#### [Task statement]
Copy out each entry precisely; no image belongs in the result.

#### [Input data]

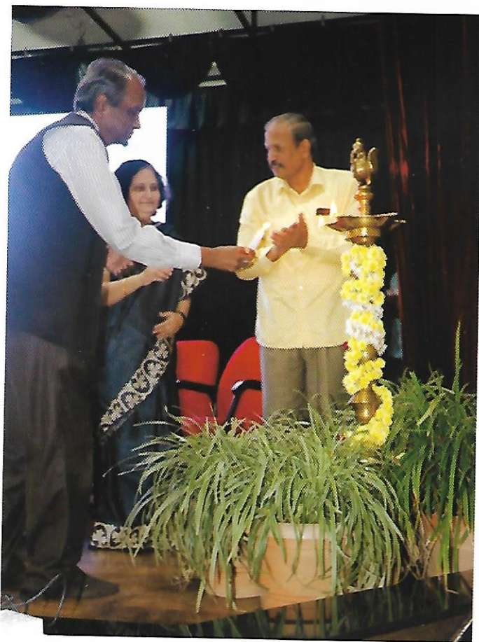
Lighting of lamp by the dignitaries

One day National workshop on 'NIRF Ranking Focus on Data Capturing System for Higher Educational Institutions' was organized in association with Institute for Academic Excellence, Hyderabad at Shashwati Auditorium on 20th November, 2019.
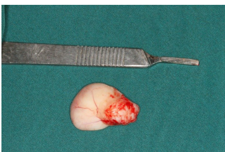
Figure 2. Inferior Aspect of the Specimen.
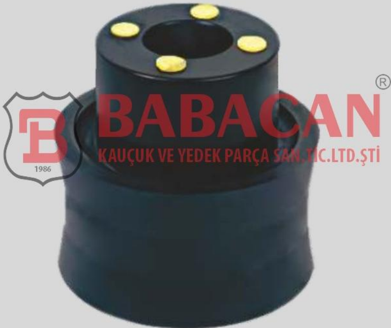
Concrete Pump Piston Beton Pompası Pistonu Поршень для автобетононасоса

Serial No : IGM 04552 Original No : Weight (kg) : 14,7 Size : 200
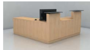
Shown with: - Plain Front Panel - Stone Transaction Top Option
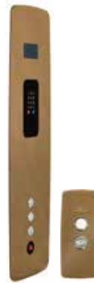
Champagne Mirror Glass
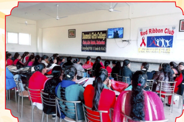
Red Ribbon Club
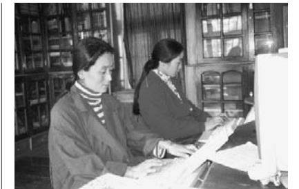
Data Input at ITTM, Kalimpong, 2004
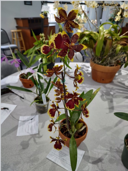
Onc. Wildcat 'Golden Red Star'
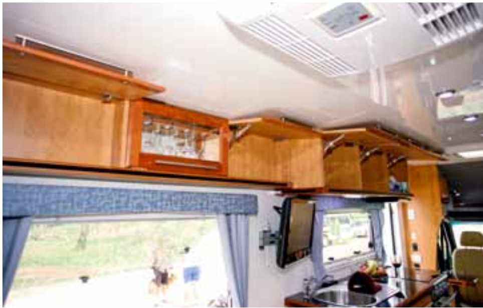
Top: Kitchen may seem small, but ticks all necessary boxes. Above: Swivel driver's seat incorporates nicely with the lounge/dinette.
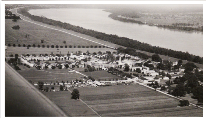
National Leprosarium, ca. 1950

The state opened the Louisiana Leper Home in Carville in 1894 and two years later, entered into a contract with the Daughters of Charity of St. Joseph, located in Emmitsburg, Maryland, to care for and treat its patients. 3 In 1921, the USPHS took operational control of the institution and established it as the National Leprosarium , in accordance with a 1917 federal law mandating the founding of a hospital for leprosy patients. 4 In addition to treating patients, the facility was updated to become a center for research into Hansen's disease (leprosy) transmission and treatment. Researchers at Carville demonstrated
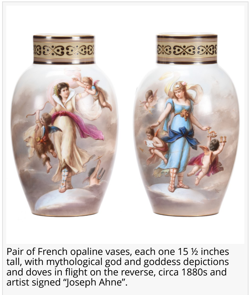
Pair of French opaline vases, each one 15 ½ inches tall, with mythological god and goddess depictions and doves in flight on the reverse, circa 1880s and artist signed "Joseph Ahne".
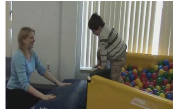
Play with Purpose!
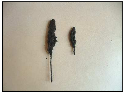
Ears of wheat from base coat at Fishermans Inn

To retain the visual character of the county's thatched roofs, a concerted effort should be made on the parts of both thatchers and owners to use oaten straw when re-thatching in County Laois.
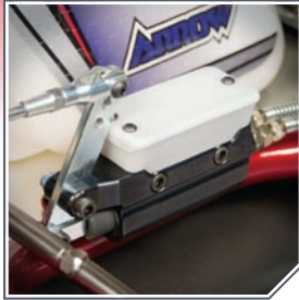
Machined billet alloy brake master cylinder anodised black
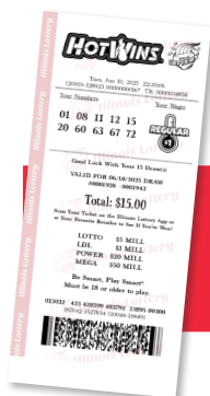
Player receives a ticket based on their wager selection for the next available draw(s)
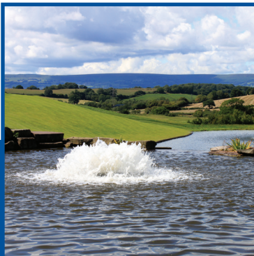
High Volume Aerator

Our representatives are here to help you get the customised solution you desire. Contact us today for more information.
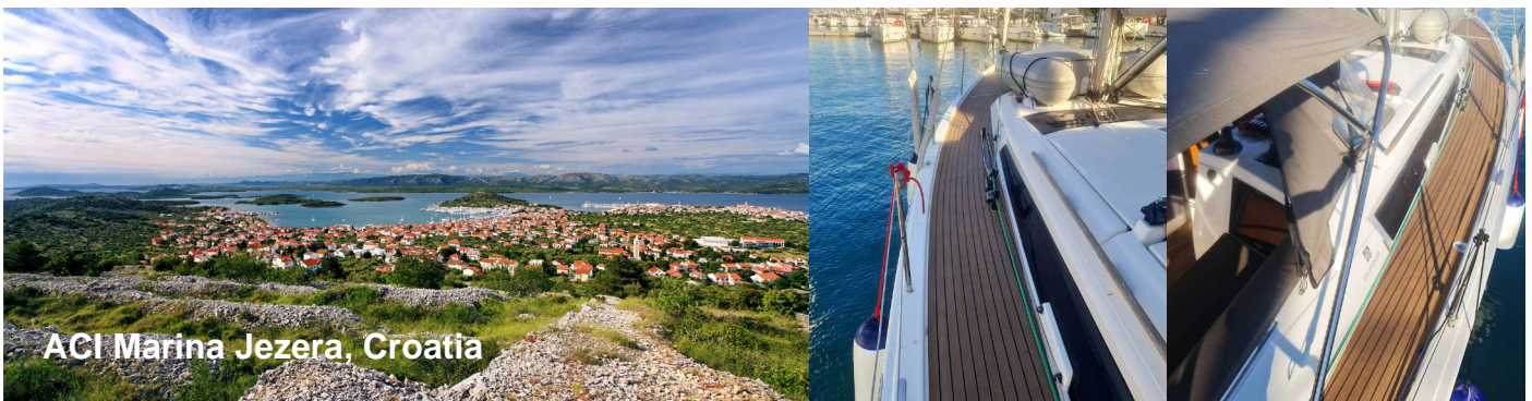
ACI Marina Jezera, Croatia
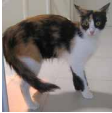
Elizabeth, female, adult
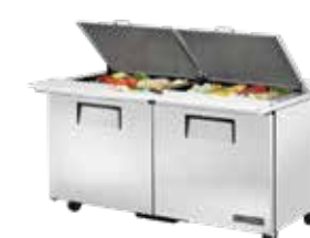
TSSU-60-24M-B-DS-ST Dual sided unit featuring removable lids and cutting boards both sides

Visit truerefrigeration.com.au for more options and sizes from the complete product range
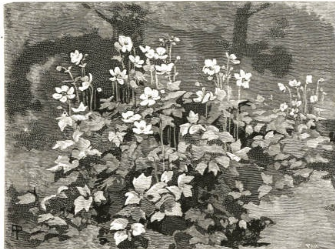
The White Japan Anemone in the Wild Garden.

Few plants are more lovely in the wild garden than the White Japan Anemone. The idea of the wild garden first arose in the writer's mind as a home for a numerous class of coarse-growing plants, to which people begrudge room in their borders, such as the Golden Rods, Michaelmas Daisies, Compass plants, and a host of others, which are beautiful for a season only, or perhaps too rampant for what are called choice borders and beds. This Anemone is one of the most beautiful of garden flowers, and one which is as well suited for the wild garden as the kinds alluded to. It grows well in any good soil in copse or shrubbery, and increases rapidly. Partial shade seems to suit it; and in any case the effect of the large white flowers is, if anything, more beautiful in half-shady places. The flowers, too, are more lasting here than where they are fully exposed.
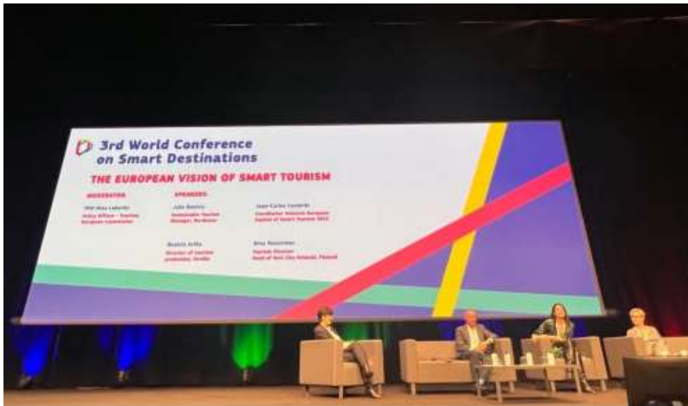
3rd World Conference on Smart Destinations, Valencia, 21-23 November 2022
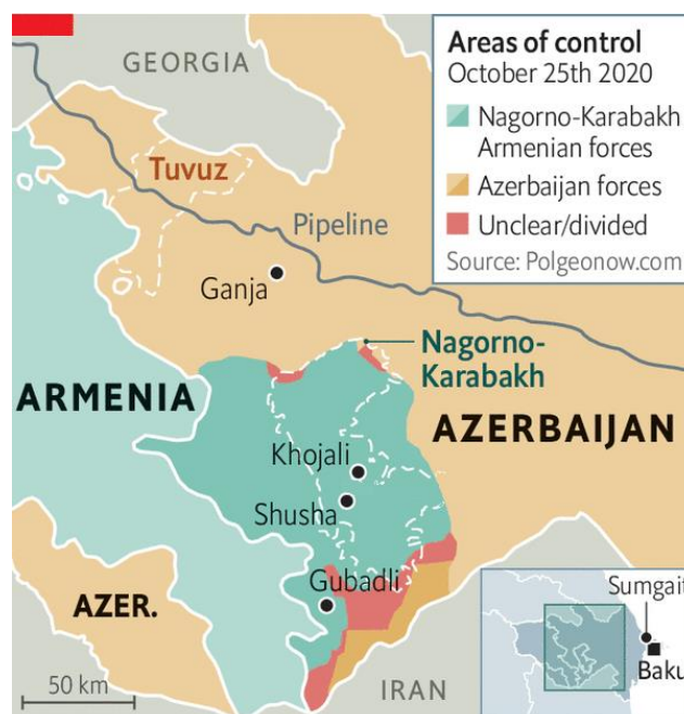
Fig. 2 – Situation in the front on October 25 (The fighting in Nagorno-Karabakh)

considered negligible. Armenia has no choice but to make concessions" (Zachary Kallenborn). Apparently, Kallenborn did not rule out that Armenia had lost more by emphasizing the "open source information". As a result of a successful operation conducted by the Azerbaijan Army in the direction of Gubadli, the units of the Armenian Armed Forces were forced to withdraw from important heights and a number of positions (Figure 2). Serious blows were inflicted on the 155th artillery regiment, the 5th mountain regiment and the 543rd regiment located in the direction of Aghdara. Newly arrived volunteers at the enemy's artillery units north of Hadrut left the firing positions and began to flee. In the Khojavend, Fizuli and Gubadli directions of the front, the enemy's weapons, ammunition and fuel depots were destroyed and important communication lines were taken under control. Most of the conscripts sent to Nagorno-Karabakh from the Tsakhkadzor settlement of the Kotayk province of Armenia perished. Numerous enemy vehicles were destroyed in different directions of the front (Heydər Piriyeu).
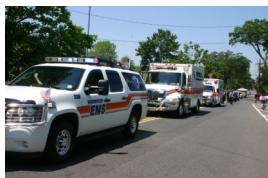
You deserve Emergency Services in Your Neighborhood

Norwood EMS is the all volunteer agency that provides emergency medical services to Norwood. Our members are NJ Certified EMTs. Our vehicles include two ambulances, First Responder, Special Operations Vehicle, trailer and an EMS equipped bicycle. Our funding comes from a combination of tax dollars and donations from our residents and businesses.

#### [Answer space]
Lighting of lamp by the dignitaries

One day National workshop on 'NIRF Ranking Focus on Data Capturing System for Higher Educational Institutions' was organized in association with Institute for Academic Excellence, Hyderabad at Shashwati Auditorium on 20th November, 2019.
Figure 2. Inferior Aspect of the Specimen.
Concrete Pump Piston Beton Pompası Pistonu Поршень для автобетононасоса

Serial No : IGM 04552 Original No : Weight (kg) : 14,7 Size : 200
Shown with: - Plain Front Panel - Stone Transaction Top Option
Champagne Mirror Glass
Red Ribbon Club
Data Input at ITTM, Kalimpong, 2004
Onc. Wildcat 'Golden Red Star'
Top: Kitchen may seem small, but ticks all necessary boxes. Above: Swivel driver's seat incorporates nicely with the lounge/dinette.
National Leprosarium, ca. 1950

The state opened the Louisiana Leper Home in Carville in 1894 and two years later, entered into a contract with the Daughters of Charity of St. Joseph, located in Emmitsburg, Maryland, to care for and treat its patients. 3 In 1921, the USPHS took operational control of the institution and established it as the National Leprosarium , in accordance with a 1917 federal law mandating the founding of a hospital for leprosy patients. 4 In addition to treating patients, the facility was updated to become a center for research into Hansen's disease (leprosy) transmission and treatment. Researchers at Carville demonstrated
Pair of French opaline vases, each one 15 ½ inches tall, with mythological god and goddess depictions and doves in flight on the reverse, circa 1880s and artist signed "Joseph Ahne".
Play with Purpose!
Ears of wheat from base coat at Fishermans Inn

To retain the visual character of the county's thatched roofs, a concerted effort should be made on the parts of both thatchers and owners to use oaten straw when re-thatching in County Laois.
Machined billet alloy brake master cylinder anodised black
Player receives a ticket based on their wager selection for the next available draw(s)
High Volume Aerator

Our representatives are here to help you get the customised solution you desire. Contact us today for more information.
ACI Marina Jezera, Croatia
Elizabeth, female, adult
TSSU-60-24M-B-DS-ST Dual sided unit featuring removable lids and cutting boards both sides

Visit truerefrigeration.com.au for more options and sizes from the complete product range
The White Japan Anemone in the Wild Garden.

Few plants are more lovely in the wild garden than the White Japan Anemone. The idea of the wild garden first arose in the writer's mind as a home for a numerous class of coarse-growing plants, to which people begrudge room in their borders, such as the Golden Rods, Michaelmas Daisies, Compass plants, and a host of others, which are beautiful for a season only, or perhaps too rampant for what are called choice borders and beds. This Anemone is one of the most beautiful of garden flowers, and one which is as well suited for the wild garden as the kinds alluded to. It grows well in any good soil in copse or shrubbery, and increases rapidly. Partial shade seems to suit it; and in any case the effect of the large white flowers is, if anything, more beautiful in half-shady places. The flowers, too, are more lasting here than where they are fully exposed.
3rd World Conference on Smart Destinations, Valencia, 21-23 November 2022
Fig. 2 – Situation in the front on October 25 (The fighting in Nagorno-Karabakh)

considered negligible. Armenia has no choice but to make concessions" (Zachary Kallenborn). Apparently, Kallenborn did not rule out that Armenia had lost more by emphasizing the "open source information". As a result of a successful operation conducted by the Azerbaijan Army in the direction of Gubadli, the units of the Armenian Armed Forces were forced to withdraw from important heights and a number of positions (Figure 2). Serious blows were inflicted on the 155th artillery regiment, the 5th mountain regiment and the 543rd regiment located in the direction of Aghdara. Newly arrived volunteers at the enemy's artillery units north of Hadrut left the firing positions and began to flee. In the Khojavend, Fizuli and Gubadli directions of the front, the enemy's weapons, ammunition and fuel depots were destroyed and important communication lines were taken under control. Most of the conscripts sent to Nagorno-Karabakh from the Tsakhkadzor settlement of the Kotayk province of Armenia perished. Numerous enemy vehicles were destroyed in different directions of the front (Heydər Piriyeu).
You deserve Emergency Services in Your Neighborhood

Norwood EMS is the all volunteer agency that provides emergency medical services to Norwood. Our members are NJ Certified EMTs. Our vehicles include two ambulances, First Responder, Special Operations Vehicle, trailer and an EMS equipped bicycle. Our funding comes from a combination of tax dollars and donations from our residents and businesses.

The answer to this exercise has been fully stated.